Run in development mode with auto-reload:

npm run dev

Build

Build for production:

npm run build

Type Checking

Run TypeScript type checking without emitting files:

npm run type-check

Continuous Integration

The project uses GitHub Actions for CI/CD:

Build: Compiles TypeScript to JavaScript
Type Check: Validates TypeScript types with strict mode
Test: Runs all 140 unit and functional tests (129 unit + 11 functional)
Multi-version: Tests on Node.js 18, 20, and 22

The CI workflow runs on every push and pull request to the main branch.

Testing

The project includes comprehensive unit and integration tests using Vitest.

Run Tests

# Run all tests
npm test

# Run tests in watch mode
npm test -- --watch

# Run tests with UI
npm run test:ui

# Run tests with coverage
npm run test:coverage

# Run provider verification tests
npm run test:providers

Test Coverage

The test suite includes 140 tests (129 unit + 11 functional) covering:

Unit Tests:

QdrantManager (21 tests): Collection management, point operations, and search functionality
OpenAIEmbeddings (25 tests): Embedding generation, batch processing, rate limiting with exponential backoff, Retry-After header validation, and typed error handling
MCP Server (19 tests): Tool schemas, resource URI patterns, and MCP protocol compliance

Functional Tests:

Live API Integration (11 tests): Real OpenAI embeddings, production MCP server validation, rate limiting behavior, and end-to-end workflows with 30+ real documents

Coverage Highlights:

✅ 100% function coverage across all modules
✅ Comprehensive rate limiting tests with timing validation
✅ Typed error handling with OpenAIError interface
✅ Invalid Retry-After header fallback to exponential backoff
✅ Real-world validation with live OpenAI API
✅ Both source and compiled code tested

See for detailed test results and coverage analysis.

Writing Tests

Tests are located next to the files they test with a .test.ts extension:

src/qdrant/client.test.ts - Qdrant client wrapper tests
src/embeddings/openai.test.ts - OpenAI embeddings provider tests
src/index.test.ts - MCP server integration tests

Run tests before committing:

npm test -- --run

License

This project is licensed under the MIT License - see the file for details.

Contributing

Contributions are welcome!
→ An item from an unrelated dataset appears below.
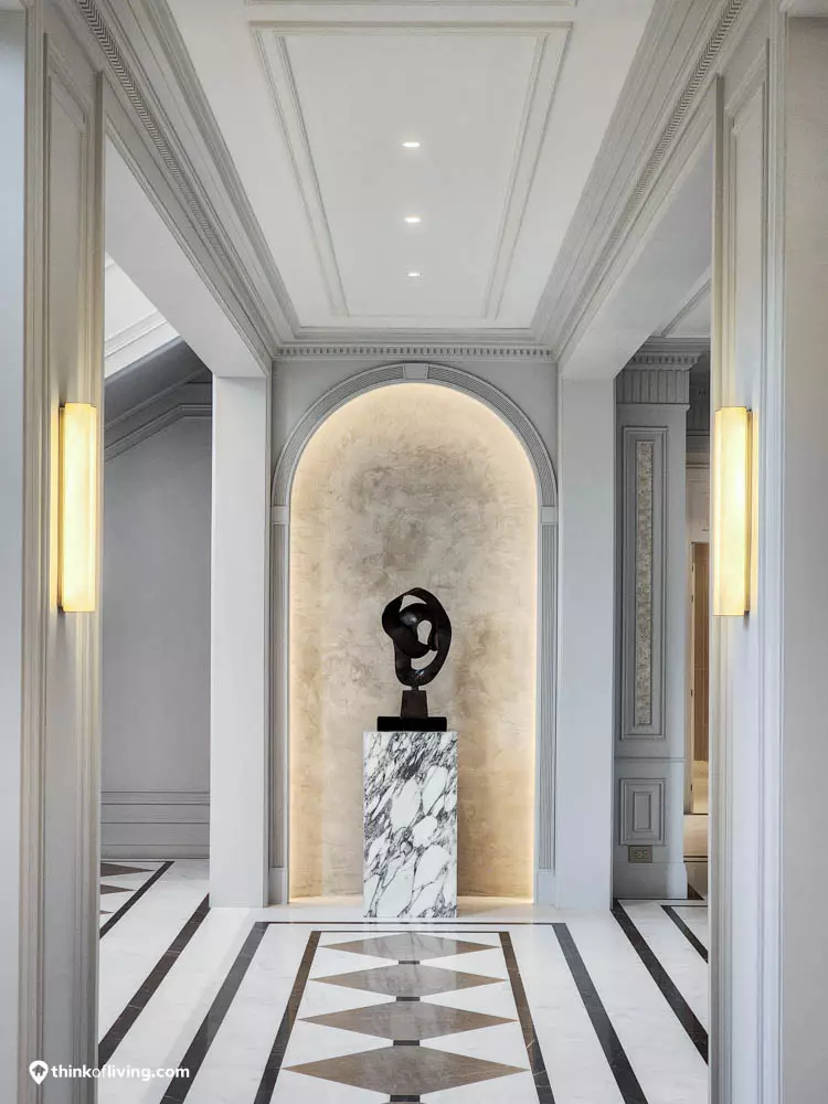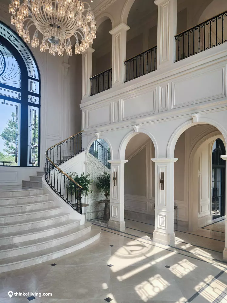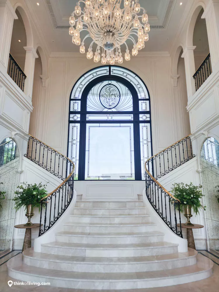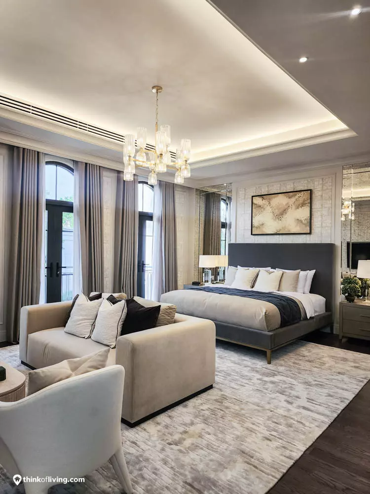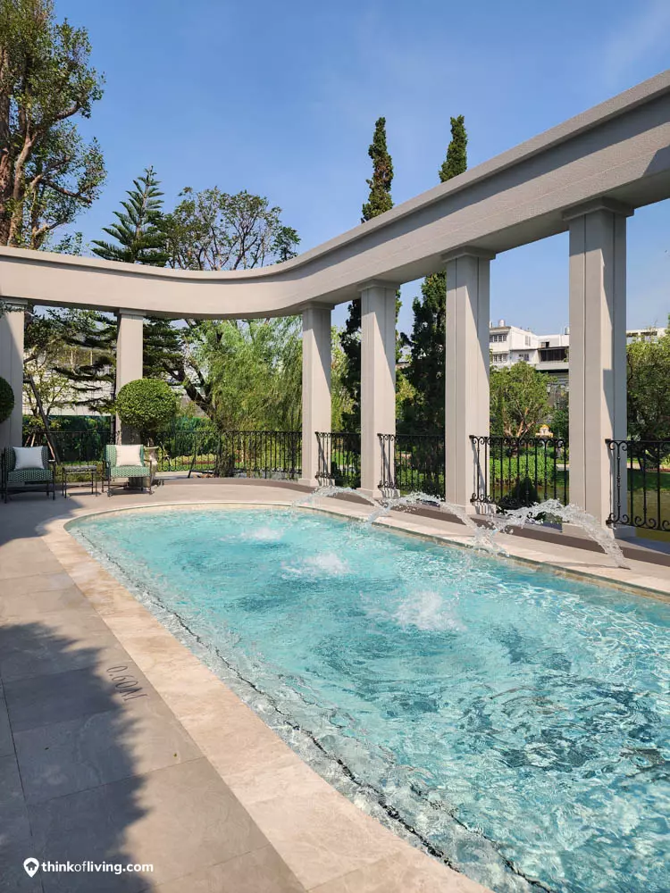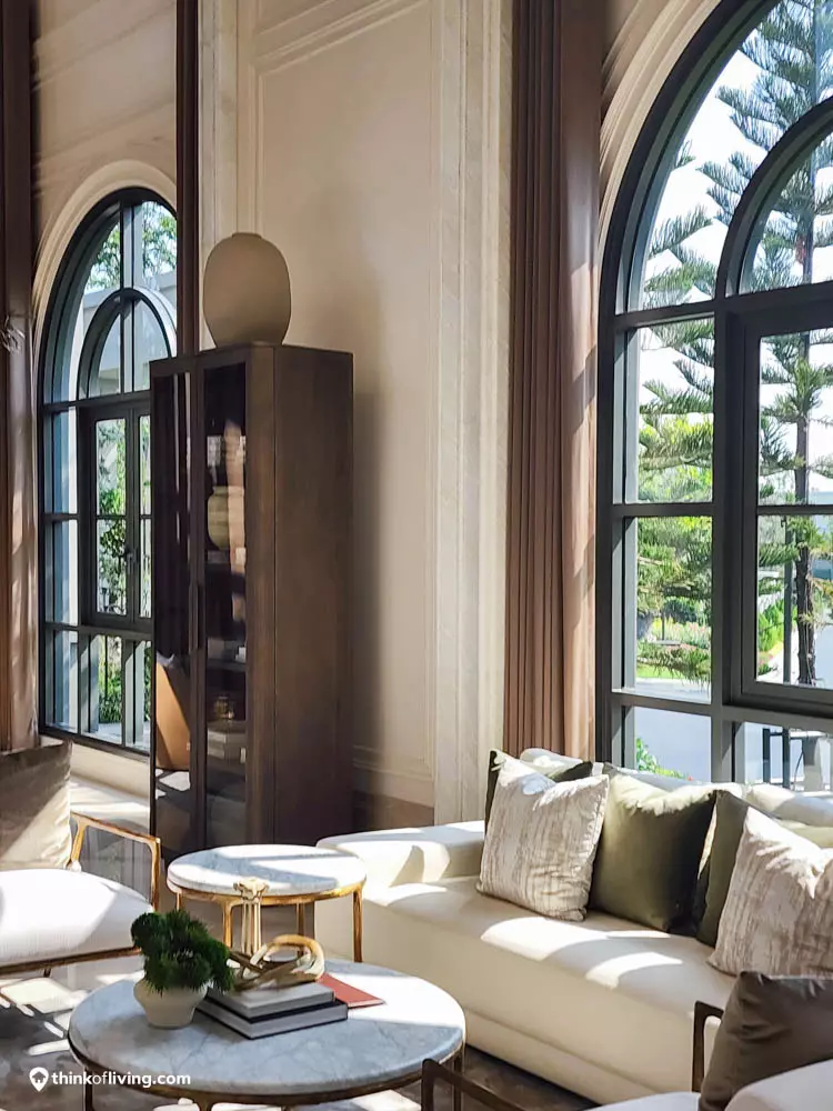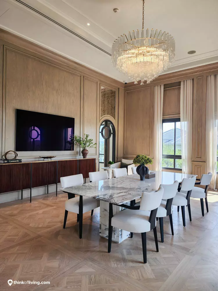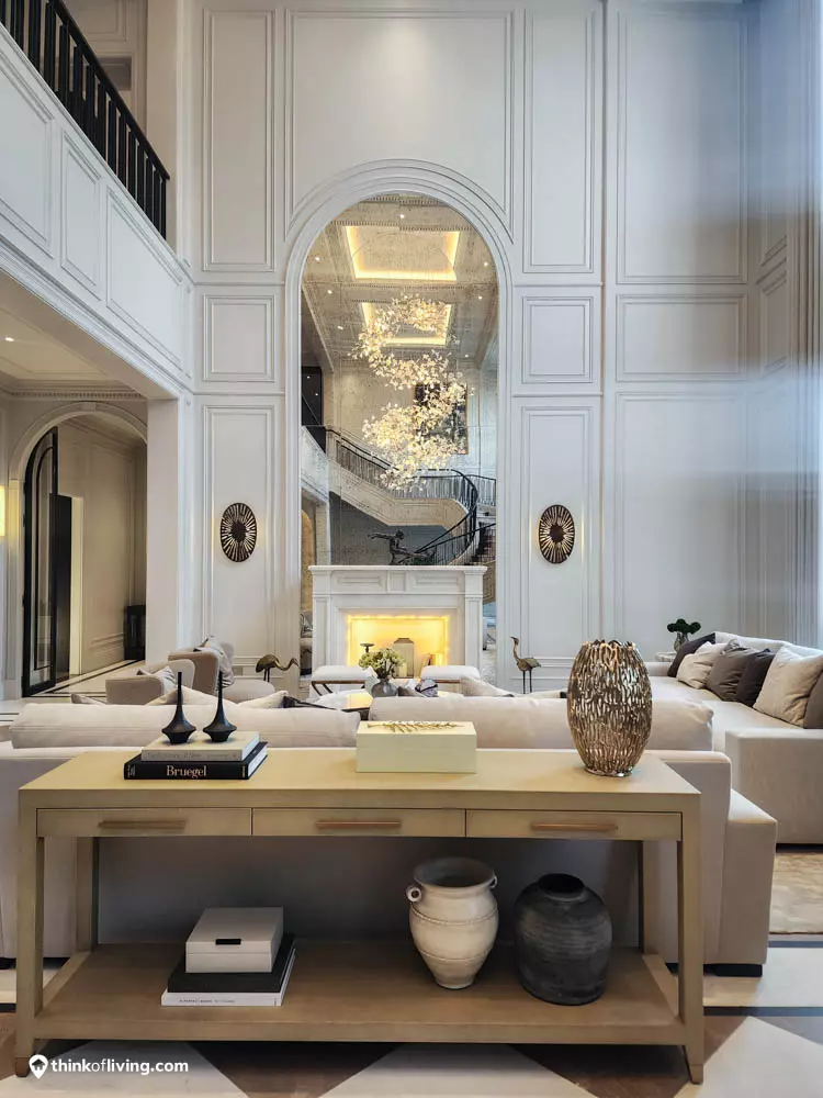 ตัวบ้านได้แรงบันดาลใจจากสไตล์ Regency ในช่วงต้นศตวรรษที่ 19 เน้นความหรูหรา คลาสสิกแบบพระราชวังบักกิงแฮม โดดเด่นด้วยความสมมาตร สัดส่วนขนาดใหญ่ และรายละเอียดอย่างซุ้มโค้ง ลูกฟัก เสากลม และบัวหัวเสา พร้อมสี Earth Tone นุ่มนวล ช่วยให้อาคารที่ดูหนักแน่น มีความละมุนนุ่มนวลยิ่งขึ้น

Please feel free to submit a Pull Request.

Before Submitting a PR

Run tests: Ensure all tests pass
```
npm test -- --run
```
Type check: Verify no TypeScript errors
```
npm run type-check
```
Build: Confirm the project builds successfully
```
npm run build
```

All pull requests will automatically run through CI checks that validate:

TypeScript compilation
Type checking
Test suite (114 tests)
Compatibility with Node.js 18, 20, and 22

Note for Repository Owners

After forking or cloning, update the CI badge URL in README.md:

[![CI](https://github.com/mhalder/qdrant-mcp-server/actions/workflows/ci.yml/badge.svg)](https://github.com/mhalder/qdrant-mcp-server/actions/workflows/ci.yml)

Replace YOUR_USERNAME with your GitHub username or organization name.